Le procédé, mis au point par l'équipe du docteur Todd Kuiken, consiste à greffer les terminaisons nerveuses du bras sectionné sur la zone pectorale, où elles croissent pour se fondre dans le tissu musculaire. En installant des électrodes à la surface de la peau, il est ensuite possible de capter les contractions produites par les nerfs qui transmettent la commande motrice.

Toute la difficulté est ensuite d'interpréter ces signaux. Cette phase nécessite un apprentissage, bien moins fastidieux qu'avec les prothèses myoélectriques classiques, qui s'appuient sur des contractions volontaires de muscles auxquels le membre artificiel est relié.

"Je peux plier mon bras, l'étendre, ouvrir et fermer ma main simplement en pensant à ces mouvements", explique Claudia Mitchell. Aucun rapport avec sa première prothèse, qu'elle avait cessé de porter tant son fonctionnement était frustrant.

Elle peut désormais transporter un plateau, ouvrir des récipients, peler des fruits, autant de gestes qui lui paraissaient interdits avec sa seule main valide.

 

SENSATION TACTILE
La jeune femme s'est tournée vers l'équipe de Todd Kuiken après avoir lu des articles sur Jesse Sullivan, qui fut le premier à être équipé d'une paire de bras bioniques. Cet ouvrier du Tennessee amputé des deux bras après avoir été électrocuté peut à nouveau tondre sa pelouse, effectuer des tâches ménagères et, insiste-t-il, enlacer ses petits enfants.

Plus impressionnant encore, il a pu récupérer un certain sens du toucher: lorsque sa prothèse à retour d'effort rencontre un obstacle, elle transmet un signal au muscle pectoral, qui lui-même est interprété par le cerveau comme une sensation tactile. Ce système peut lui permettre de distinguer le chaud et le froid.

C'est qu'une portion de sa poitrine, où quatre terminaisons nerveuses de son bras manquant ont été redirigées, se comporte comme une carte des différentes parties de sa main et de son bras.

Lorsqu'on les touche à cet endroit, Jesse Sullivan, comme Claudia Mitchell, ont la sensation que c'est leur main qu'on manipule. Ce n'est pas le cas pour trois autres personnes opérées par l'équipe de Todd Kuiken.

La réinnervation a fonctionné pour deux d'entre elles, mais elle n'a pas permis de rétablir les fonctions sensitives.
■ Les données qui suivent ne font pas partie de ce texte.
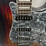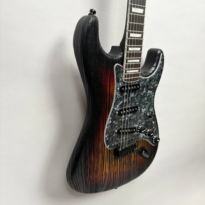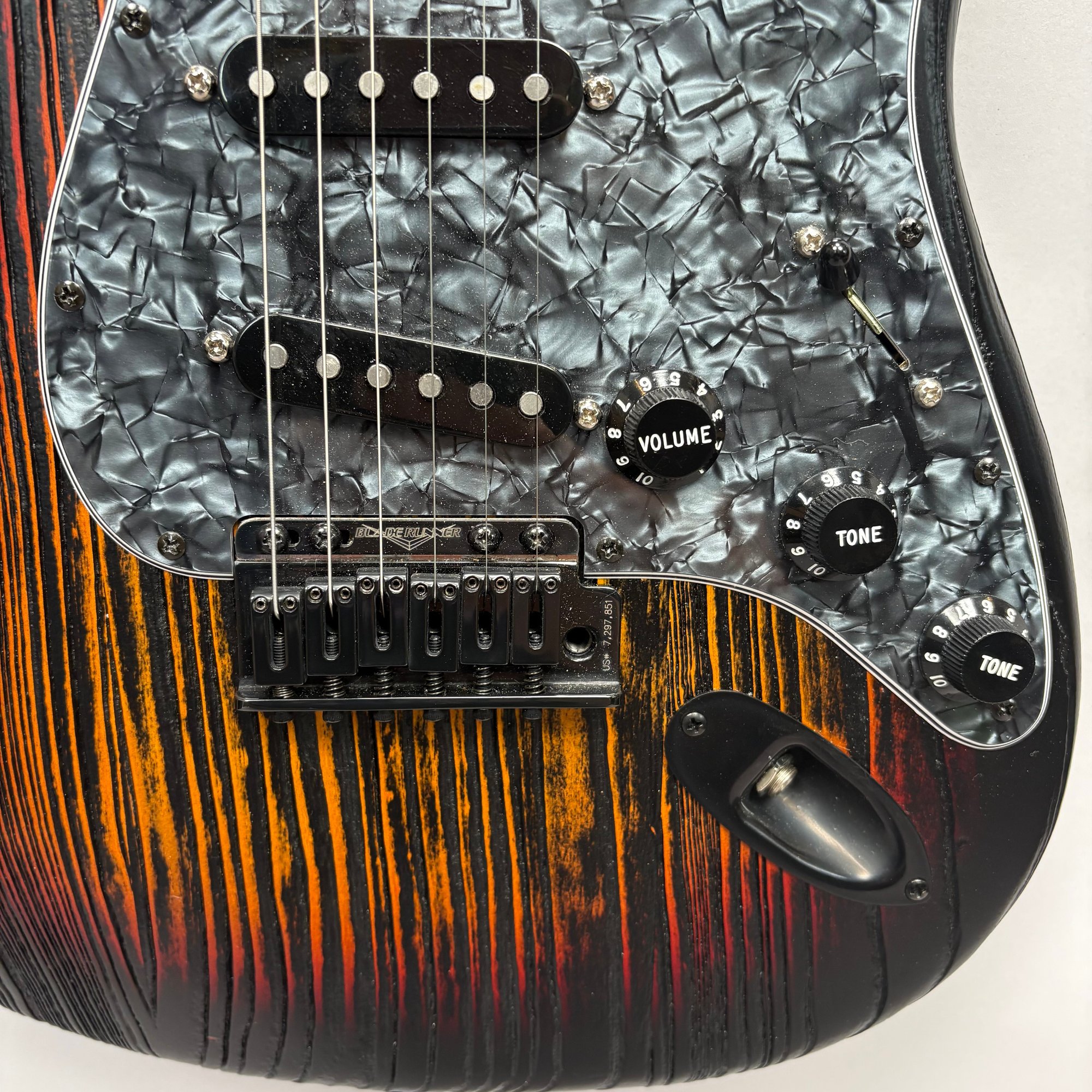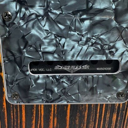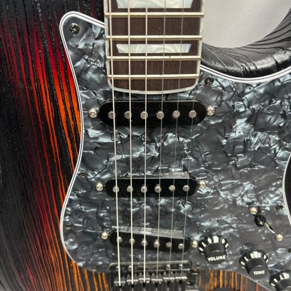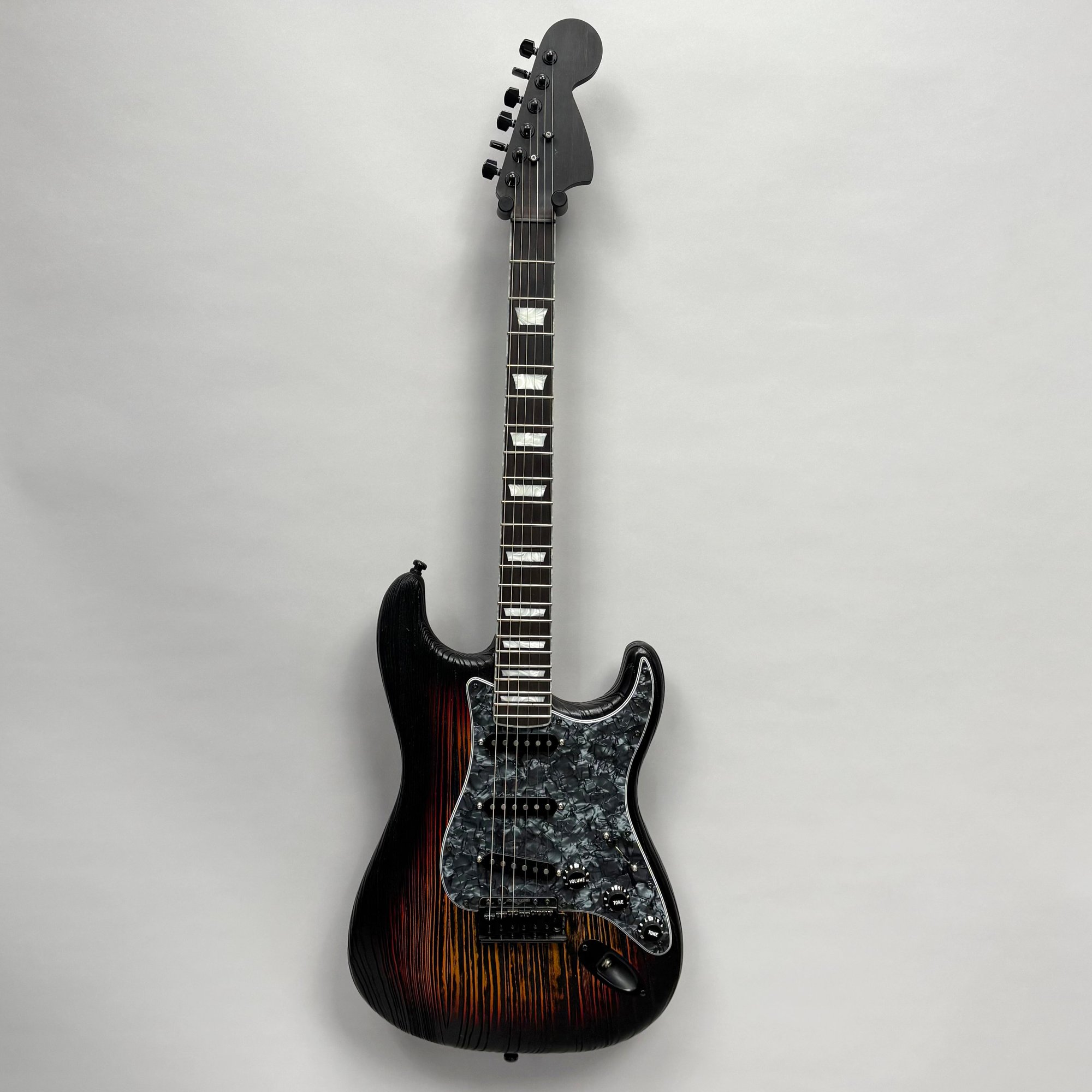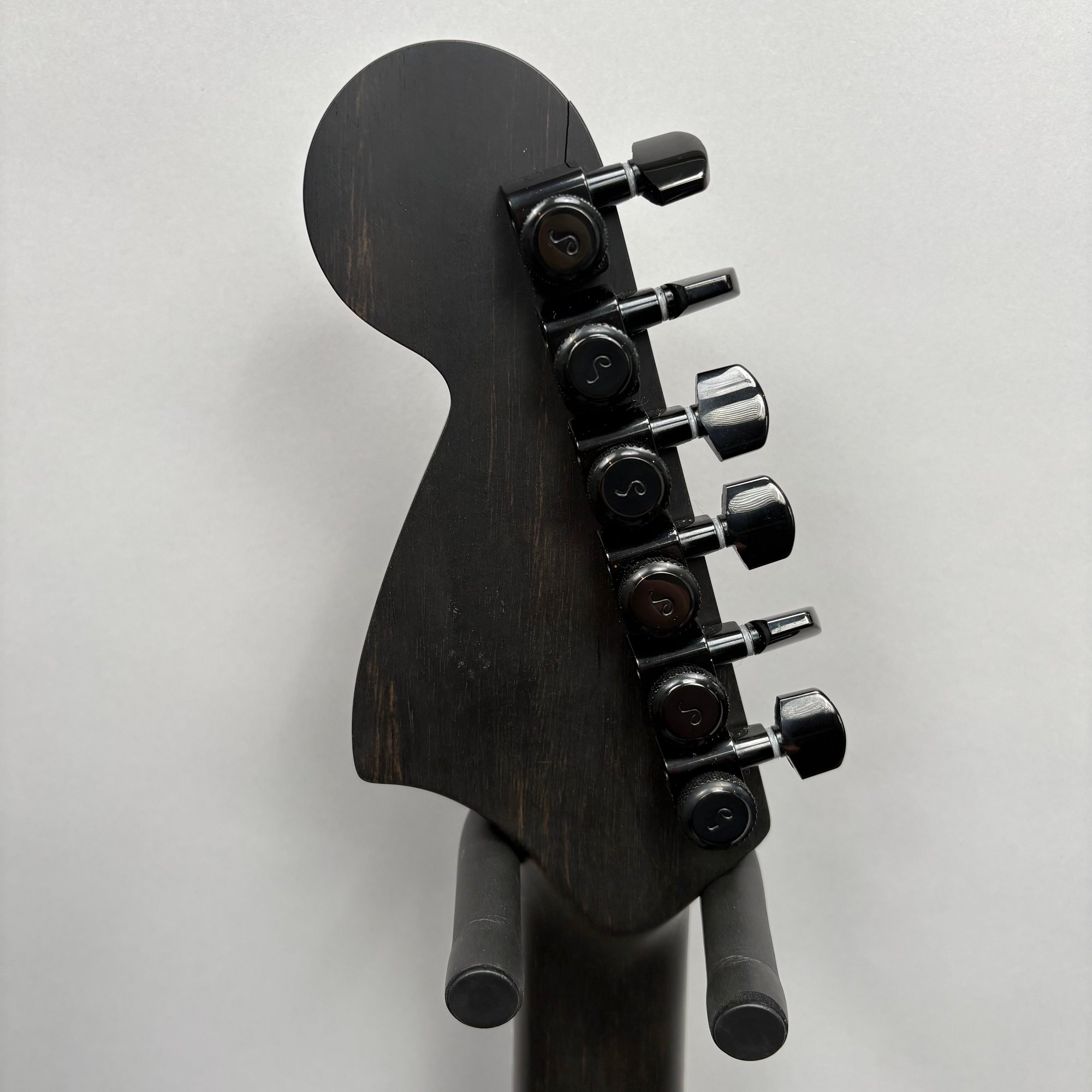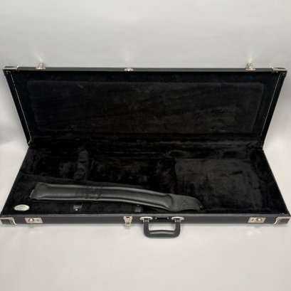 Fender Musical Instruments Corp. Custom Built Sandblasted Black Swamp Ash Stratocaster, Serial Number US15054520, Model Number FS16649, 2015, and Case. Right-handed, rosewood fretboard inlaid with pearloid frets and bindings, the grey and black "graphical" pickguard and matching tremolo cover plate in high gloss plastic, marked on the chrome neck plate "Fender/ STRATOCASTER/ CB/ CUSTOM BUILT/ FS16649;" also including an owner's manual, Fender RoHS inspection tag, warranty card, Sweetwater guitar evaluation signed by Matt Nelson and Brian Rutan (?), tools, information sheets and cards for controls and volume, adjustment of the truss rod, "Mag-Lok Tremolo Anti-Deflection Device" card, empty "FRETWRAPS" envelope, brass stick marked ".010 @ 8th Fret," "FAT '50s" Strat boxed set of three pickups, empty envelope for a replacement neck for a Fender or Squire by Fender guitar or bass, Fender polishing cloth, Fender bookmark and bumper sticker, a packing slip from Warmoth Guitar Products, Inc. for changes to the custom order, a Rothko & Frost Ltd. Custom Shop 70s curve style guitar headstock waterslide decal transfer-sheet, printed in gold on a pale blue field "Fender STRATOCASTER/ BLACK SANDBLASTED/ ORIGINAL/ Contour/ Body" with sales receipt, and a black hardshell case lined in black velvet and with two keys, G. & G. (Ben Germain and Efren Guzman) Quality Cases made for Fender Limited Editions, affixed with a black and silver "Fender" nameplate under the handle, and an oval silver logo badge on the interior printed "G & G/ The Original Vintage/ Case Co./ MADE IN U.S.A.," and a boxed Schaller security lock. Together with a Gruv Gear "Ernie Ball" Solostrap black Neoprene guitar strap, the chrome fasteners each marked "GRUVGEAR/ MAKE LIFE GRUV," and a bookmark.

Le bras bionique figure donc en bonne place dans la panoplie des "interfaces cerveau-machine" émergentes, qu'elles aient pour objet de commander un ordinateur par la pensée ou d'établir un contact entre une puce de silicium et des neurones.
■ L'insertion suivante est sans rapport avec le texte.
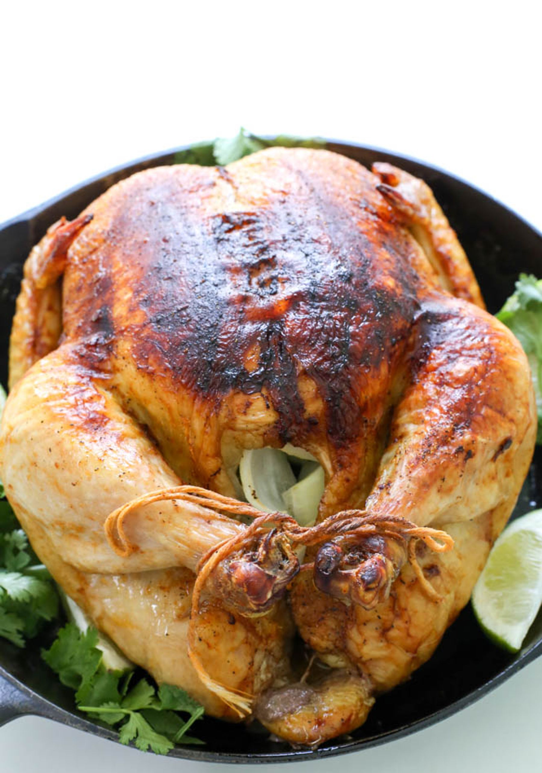Whole Roasted Mexican Chicken with Chipotle, Lime and Cilantro. Tender, juicy and loaded with flavor.
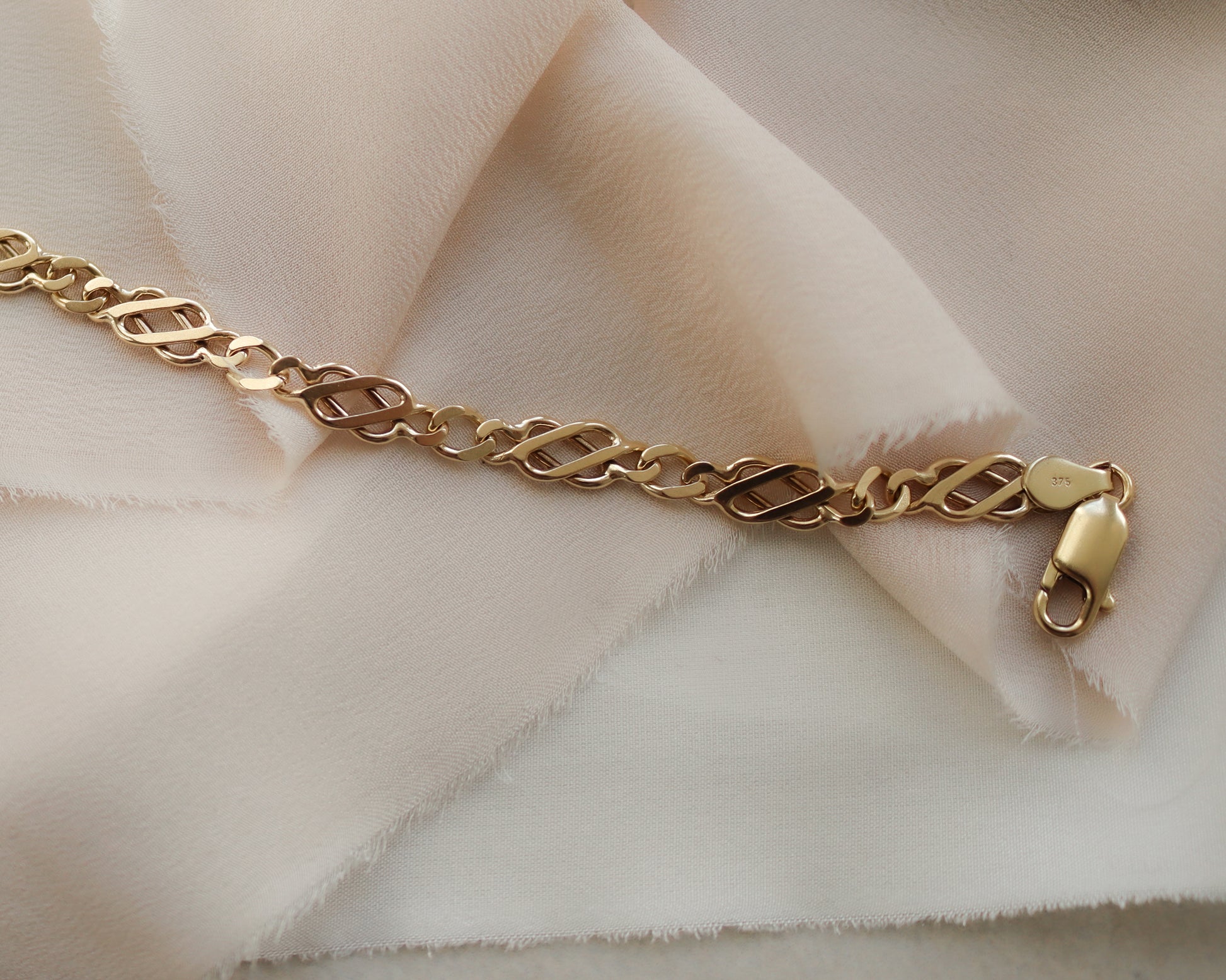 A beautifully crafted vintage 9ct gold bracelet featuring an elegant fancy-link design that catches the light beautifully.
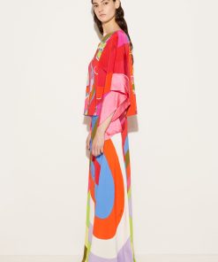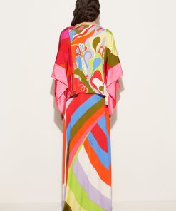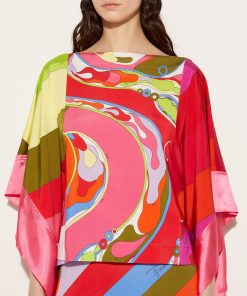 This kaftan top embodies Pucci’s celebration of fluid fabric and languid shapes, showcased through its gracefully draped sleeves. It’s cut with a signature boat neck and adorned with a striking rendition of the archival Orchidee print in vivid red and green tones.

L'intérêt du bras bionique est de s'affranchir de branchements invasifs, en captant directement sur la peau un signal qui est comme le résumé d'un mouvement complexe.

Pour les amputés, dont 85 % sont affligés de "douleurs fantômes", le bras bionique pourrait apporter un autre bénéfice : des études ont montré que l'illusion même d'effectuer un mouvement - grâce à un système vidéo par exemple - pouvait modifier le schéma corporel du patient et réduire la souffrance. "Cet effet antalgique pourrait être accentué avec ces nouvelles prothèses", avance Angela Sirigu (Institut des sciences cognitives de Lyon), dont l'équipe travaille sur les signaux myoélectriques.
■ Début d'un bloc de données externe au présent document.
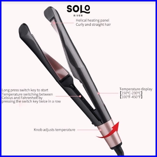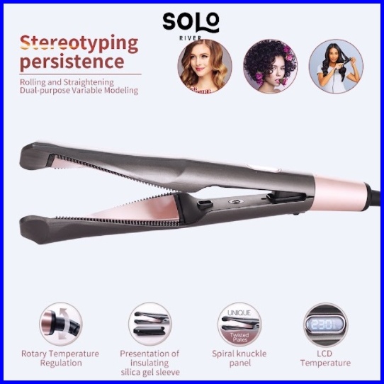 Solo River Catokan Rambut Lurus Dan Keriting 2 In1 50 Watt Dengan Lcd Temperature Catok Profesional Dan Flawless Bergara
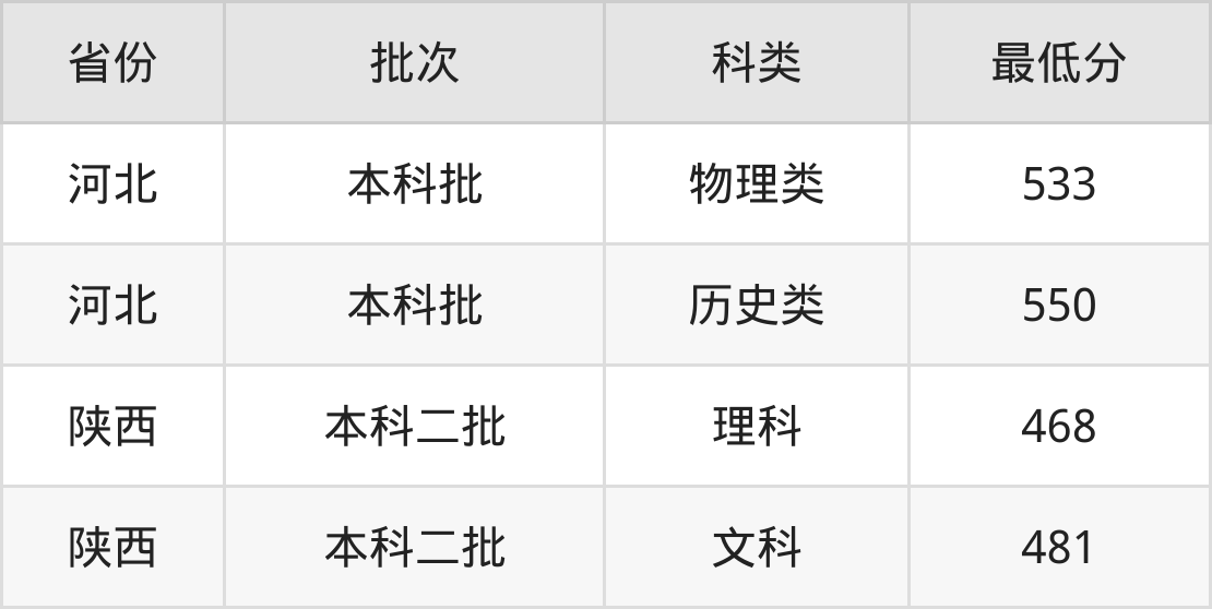 | 批次 | 科类 | 最低分 | 位次 |
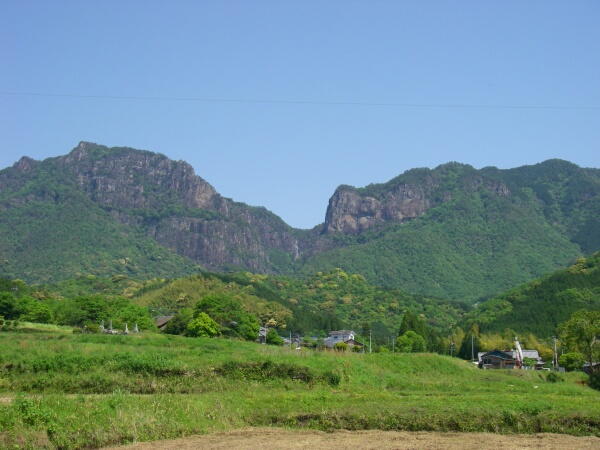 | 左が雄岳、右が雌岳 間に行縢の滝(矢筈の滝) | ||
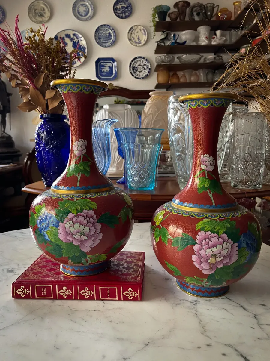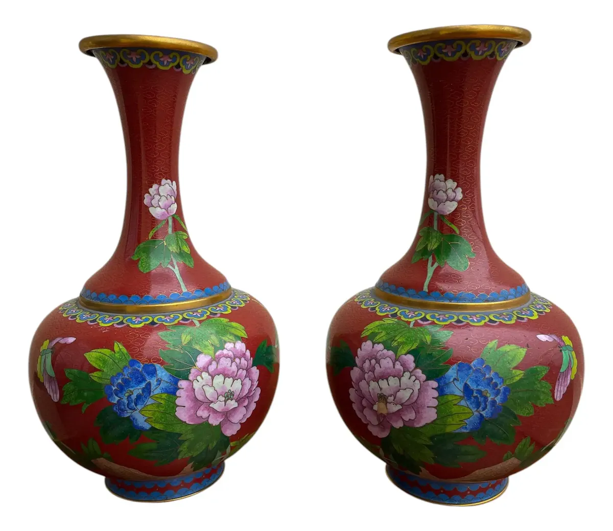 ~ Cloisonné ~Antigo e belíssimo par de vasos decorativos em bronze esmaltados à mão.

Les moyens déployés outre-Atlantique impressionnent la chercheuse. L'armée, via la Darpa (Defense Advanced Research Projects Agency), s'y intéresse grandement. L'équipe de Todd Kuiken est désormais impliquée dans un programme sur quatre ans, intitulé "révolutionner la prosthétique 2009", d'un montant de 30,4 millions de dollars, dont la direction a été confiée à l'université Johns Hopkins.

L'urgence est là : 450 soldats américains déployés en Afghanistan et en Irak ont subi des amputations.